Nach dem Sachverhalt hatte das LG die Beklagte antragsgemäß zur Zahlung von 6.904,17 EUR nebst Zinsen verurteilt. Gegen das der Beklagten am 20.11.2021 zugestellte Urteil hat diese am 19.12.2021 durch Einwurf der Berufungsschrift in den Briefkasten des OLG form- und fristgerecht Berufung eingelegt. Die Berufungsbegründung hat der Prozessbevollmächtigte der Beklagten am 20.12.2022 ebenfalls durch Einwurf in den Briefkasten des OLG eingereicht. Der Klägerin ist sodann mit Vorsitzendenverfügung vom 09.02.2022 eine Frist zur Berufungserwiderung gesetzt worden. Nachdem die Klägerin unter dem 10.02.2022 um Mitteilung gebeten hatte, ob die Berufungsbegründung gemäß § 130d ZPO als elektronisches Dokument eingereicht worden sei, ist die Beklagte mit Vorsitzendenverfügung vom 11.02.2022 unter Einräumung einer Stellungnahmefrist von zwei Wochen darauf hingewiesen worden, bei Setzung der Berufungserwiderungsfrist sei nicht aufgefallen, dass die Berufungsbegründung entgegen § 130d ZPO nicht als elektronisches Dokument eingereicht worden sei. Eine vorübergehende Unmöglichkeit (iSd § 130d Satz 2 und 3 ZPO) sei weder in der Berufungsbegründung noch unverzüglich danach glaubhaft gemacht worden. Bei dieser Sachlage sei die Berufung möglicherweise nicht formgerecht entsprechend § 520 Abs. 3 ZPO begründet worden. Der Prozessbevollmächtigte der Beklagten hat daraufhin mit Schriftsatz vom 24.02.2022 eidesstattlich versichert, dass am 20.01.2022 nach dem Aufspielen eines Updates die „beA Client Security“ nicht mehr habe gestartet werden können. Diese habe erneut aufgespielt werden müssen, um die Störung des besonderen elektronischen Anwaltspostfachs (beA) zu beseitigen. Die Berufungsbegründung sei daher zur Fristwahrung als Brief in den Nachtbriefkasten des OLG eingelegt worden. Mit Beschluss vom 02.03.2022 hat das OLG die Berufung der Beklagten als unzulässig verworfen.
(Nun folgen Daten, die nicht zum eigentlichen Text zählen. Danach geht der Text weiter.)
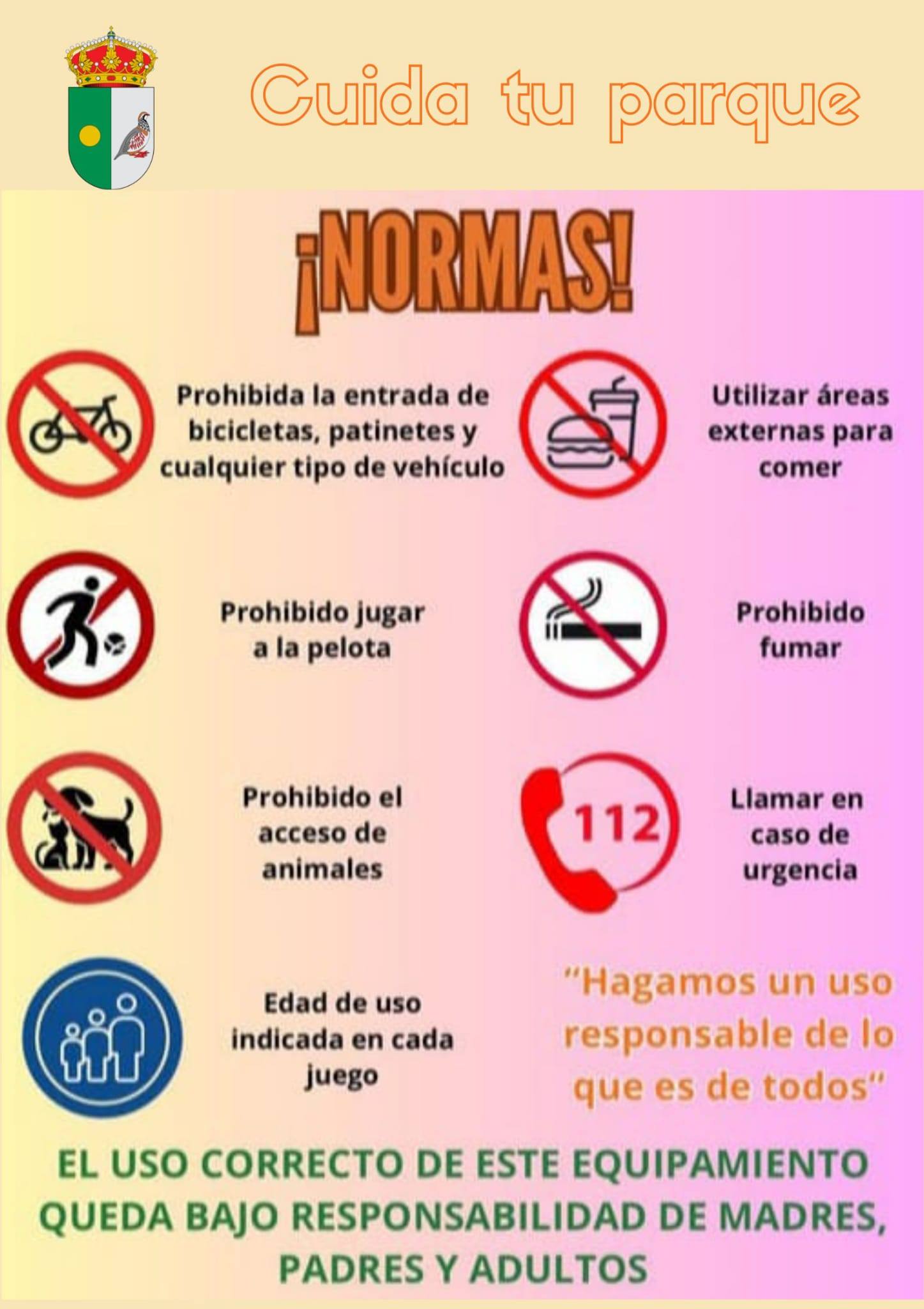 Por el bien y la seguridad de niños y niñas que disfrutan de los juegos en los parques infantiles, COLABORA.

Hiergegen richtet sich die form- und fristgerecht eingelegte Rechtsbeschwerde der Beklagten, die keinen Erfolg hatte. Der BGh führt zu § 130d ZPO aus:

„….. Das Berufungsgericht hat den Zugang der Beklagten zur Berufungsinstanz jedoch nicht in unzumutbarer Weise erschwert. Die Auslegung und Anwendung von § 130d Satz 3 Halbsatz 1 ZPO ist rechtsfehlerfrei erfolgt. Insbesondere hat das Berufungsgericht den Rechtsbegriff „unverzüglich“ zutreffend im Sinne der in § 121 Abs. 1 Satz 1 BGB enthaltenen Legaldefinition als „ohne schuldhaftes Zögern“ ausgelegt. Entgegen der Auffassung der Beschwerde war das Berufungsgericht nicht gehalten, die Vorschrift des § 130d Satz 3 Halbsatz 1 ZPO nach ihrem Inkrafttreten während einer (weiteren) Übergangsfrist nicht oder nur „behutsam“ anzuwenden.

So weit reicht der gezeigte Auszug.